A fast verdict 1

Verdict returned on Aurora gunman, guilty on all 165 counts. I don’t really have any commentary on the case itself, other than profound sadness at the senselessness of it all, anger about gun control issues; the standard feeling I have about mass shootings.

What I did want to comment on is the “speed” of the verdict. 165 counts decided in about 12-13 hours, depending on the article you read. I’ve seen multiple people mention that this is fast or speedy in a sort of wondering way. With that kind of time, it averages out to about 4-5 minutes spent per count.

I actually don’t think it’s that fast, all told. I’m not the world’s greatest expert on juries, but I’ve now actually gotten to serve on one, which is an experience I know isn’t universal, so I thought I’d share a little. It is so not like TV.

The case I served on was civil rather than criminal, but I get the impression the process is fairly similar. (I just haven’t blogged about it before now because, while I’m allowed to talk about it if I want, I’m uncomfortable with the notion of getting in to details.) Anyway, the trial I served on lasted about three and a half days. We had seven questions to consider at the end; I was foreman for the jury. And it basically went like this: I’d read the question out loud, poll the other jurors, and if the answer was unanimous, move on. It took us about 25 minutes to cover 7 questions (averaging <4 minutes per question). And the only reason it actually took that long was because there was one question where we disagreed about a monetary amount and decided to discuss in order to regain our unanimity (which was unnecessary, technically, since I was the hold out, but we wanted to be unanimous if we could), and then a pause when we wrote a question to the judge for clarification just to be sure about something. Had neither of those things happened, we would have finished all seven questions in well under 10 minutes.

So I’m not claiming to know what exactly went on in deliberations, but I’m not necessarily surprised. You don’t really discuss if everyone agrees already. So to me, it doesn’t sound like they rushed, it sounded like the jurors probably agreed on nearly everything and maybe just had a issues they had to talk about. I just wanted to point this out in case there’s an impression that maybe things weren’t given enough gravity just due to speed; if everyone has been attentive and serious about the issues, they probably already know how they will vote on the various charges as they sit down. And if everyone agrees? It’s going to be quick.

I’m guessing the prosecution did a really good job, though obviously I don’t know one way or another. But that’s immediately what it sounded like to me.

One comment on “A fast verdict

  1. Reply Schnauzermom Jul 16,2015 21:38

    I don’t think there was really any question that he committed the acts for which he was accused, so I don’t think much discussion was required.I think if there had been any real discussion it would have had to center on whether he was actually sane or insane. I read an article the other day that pointed out if you support the death penalty (and all the jurors, in order to serve, had state that they would be able to support that if that’s where a guilty verdict took things) you would be unlikely to be convinced that he could be found innocent by reason of insanity.
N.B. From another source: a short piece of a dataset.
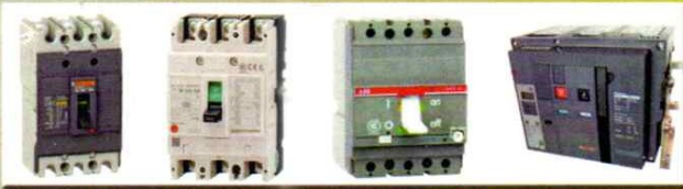
AIR CIRCUIT BREAKER - MOULDED CASE CIRCUIT BREAKER

Most people think that to be insane you have to be a gibbering drooling incompetent who wouldn’t even be able to recognize a gun as a weapon. Which is not the case at all. The M’naughten Rule, conceived in the mid 1800’s and still used, I think, boils down to this — does the defendant know the difference between right and wrong? Now we know a lot more about mental illness in its many forms, and it is quite possible for someone to know an act is illegal or considered wrong and still be compelled by their illness/delusion to do it. But jurisprudence has not caught up with the science.

    Holmes said that by killing the people in the theater, he would somehow “take” the sum of their lives and add it to his own, increasing his power, for starters. Sounds batty to me, but what do I know?

    I understand people think if you’re found insane that somehow you’ve “gotten away with it” or “gotten off.” But if someone could be remanded to an institution for the criminally insane for the rest of their lives, I don’t think that would be exactly a walk in the park. Or if they were sentenced to life in prison — our new mental institutions for the criminally insane and the emotionally disturbed — that wouldn’t exactly be a picnic either. The important thing is that they would never be released, never threaten society again, but at least we would not be a country that executed crazy people. Holmes’ lawyers offered to plead him guilty in return for a sentence of life without parole. But the prosecutor chose to go the expense of this trial, putting the families through more hell, and if Holmes is sentenced to death there will be appeal after appeal that will reopen the wounds every time. Why? Well, I guess the prosecutor wants to add “put the Aurora theater shooter on death row” to his resume.

    No, I don’t feel any special compassion for James Holmes, before someone accuses me of caring about him more than his victims. I want to live in a country that has decent mental health services. I want to live in a country where it’s harder to get a gun than a driver’s license. And I want to live in a country that is not in the same club as Saudi Arabia, North Korea, Iran, and China.